在获取数据的时候使用token认证。直接指定秘钥。

bearer_token_file:

# Sets the `Authorization` header on every scrape request with the bearer token
# read from the configured file. It is mutually exclusive with `bearer_token`.
[ bearer_token_file: /path/to/bearer/token/file ]

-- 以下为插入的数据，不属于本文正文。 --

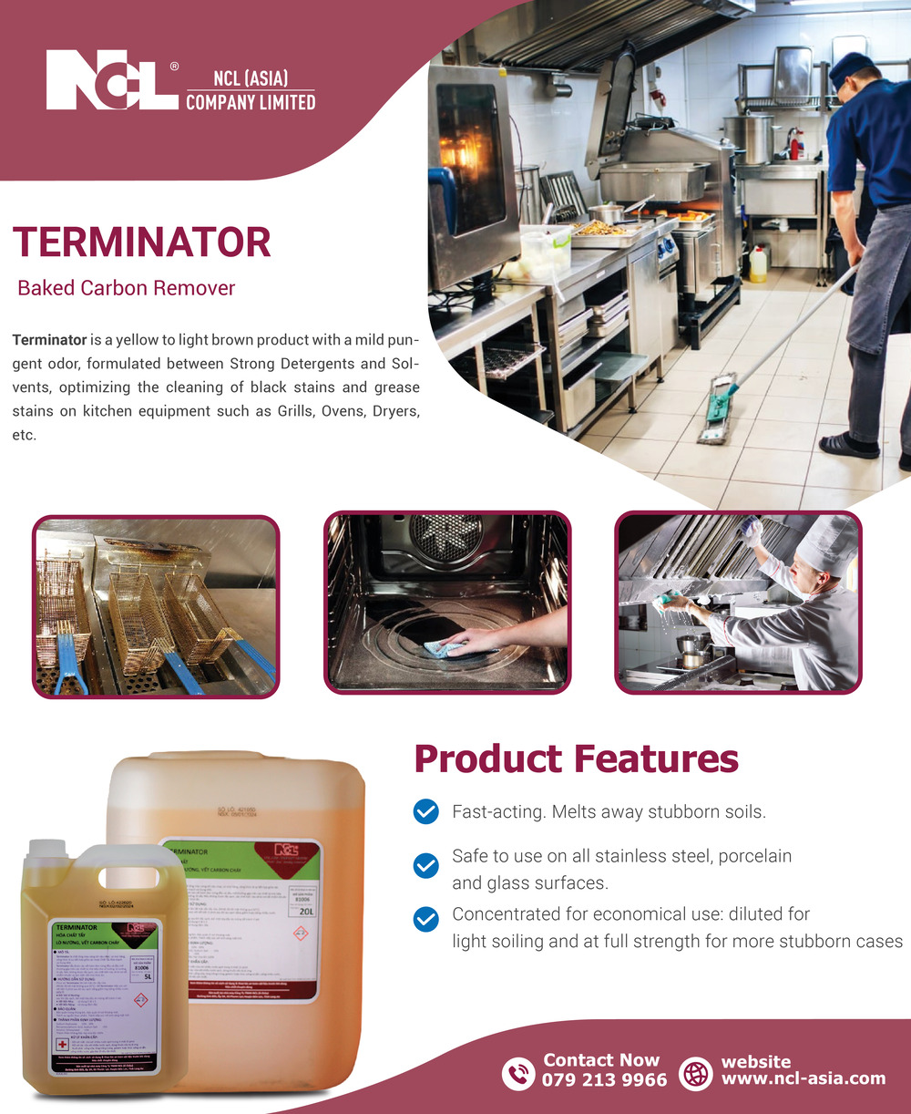 Terminator is a specialized cleaning chemical that helps remove all stubborn stains, grease, and scorch marks on the oven and kitchen utensils quickly and effectively: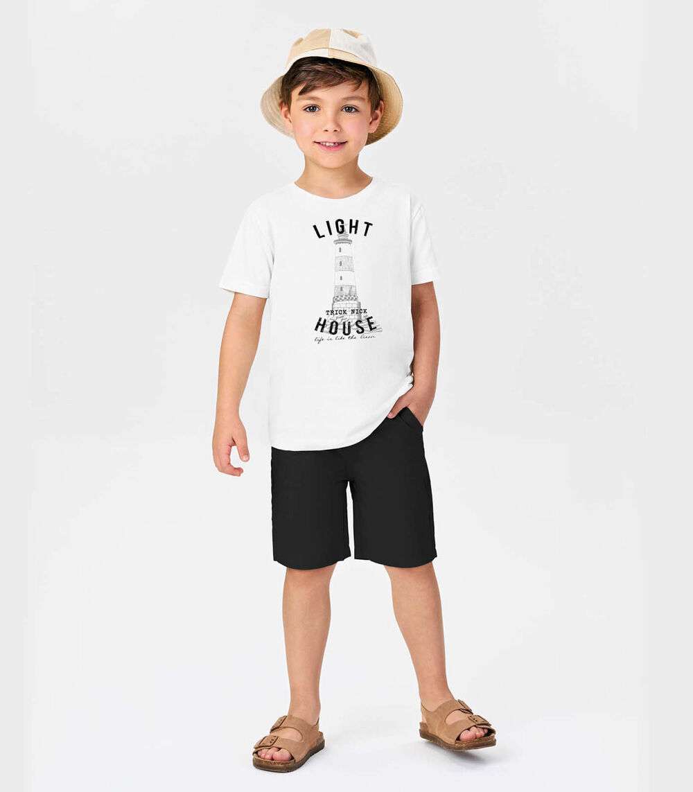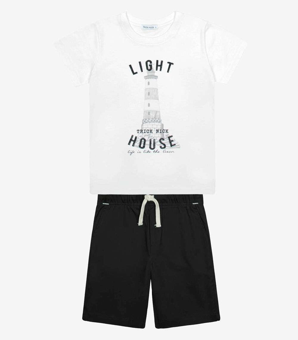 Conjunto Menina Camiseta Com Bermuda Trick Nick Branco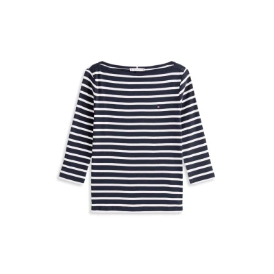 Tommy Hilfiger Women’s Long Sleeve Slim Fit New Cody Top with Boat Neck, Multicolor (Nos Breton Desert Sky/Ecru), XXL

跟上面的一样,只是这个是指定文件。 bearer_token与这个只能使用一个。

tls_config:

# Configures the scrape request's TLS settings.
tls_config:
  [ <tls_config> ]

使用tls双向认证。指定https的证书。

# CA certificate to validate API server certificate with.
[ ca_file: <filename> ]

# Certificate and key files for client cert authentication to the server.
[ cert_file: <filename> ]
[ key_file: <filename> ]

# ServerName extension to indicate the name of the server.
# https://tools.ietf.org/html/rfc4366#section-3.1
[ server_name: <string> ]

# Disable validation of the server certificate.
[ insecure_skip_verify: <boolean> ]

如:

  - job_name: 'k8s-apiserver'
    scheme: https
    tls_config:
      ca_file: /home/qfpay/prometheus/ssl/cacert.pem
      cert_file: /home/qfpay/prometheus/ssl/prometheus.crt
      key_file: /home/qfpay/prometheus/ssl/prometheus.key

如果没有ca_file就要使用insecure_skip_verify跳过prometheus对targets的认证。

proxy_url:

设置代理,通过代理访问targets。

metric_relabel_configs:

配置方式与relabel_configs一样。
现在获取到的metric:
image-f0909a4f

添加metric_relabel_config:

 relabel_configs:  
 - source_labels: [ __address__ ]  
   target_label: __address__  
   regex: (.*):10250  
   replacement: $1:10255  
   action: replace  
 metric_relabel_configs:  
 - regex: ^(id|image|pod|job)$  
   action: labeldrop  

image-baf36949

重载配置可能会反应慢,会长时间处于两种结果都有的状态, 重启一下。

sample_limit:

target metrics接口中显示的样本(监控项)的数量限制。默认是 0, 表示不限制。
如果获取数据时发现样本超出限制, 数据获取失败。 这个数量不包括#开头的。

image-a21af315

image-ad036f42


3、操作target相关,自动发现,relabel过滤。

relabel_configs:

# List of target relabel configurations.
relabel_configs:
  [ - <relabel_config> ... ]

重写label,注意:这里重写或添加的label不是metrics里的label,而是target的label,一般就是在自动发现target的时候用来过滤target用的,有时候也是为了添加新的label,因为添加到target的label,在prometheus查询的时候会添加到这个target metrics所产生的所有指标中。如果与metrics里的指标冲突,还没有测试过会怎么样。
下面还有一个metric_relabel_configs是专门用来处理metrics里的label的,用来操作metrics里指定的一些label。

下面的图片是target的label。

image-f85d4cb3

image-98c62091

每个job可以配置多个relabel_config,按照在配置文件中出现的顺序依次执行。

画框部分为relabel_config内置的标签。
address 是target的主机与端口, 如果想要修改地址,修改 __address__就可以。
instance 一般跟__address__是一样的,但在自动发现的时候有时候会是主机名。
scheme 就是配置里的 scheme。
metrics_path 就是配置里的 metrics。

# The source labels select values from existing labels. Their content is concatenated
# using the configured separator and matched against the configured regular expression
# for the replace, keep, and drop actions.
[ source_labels: '[' <labelname> [, ...] ']' ]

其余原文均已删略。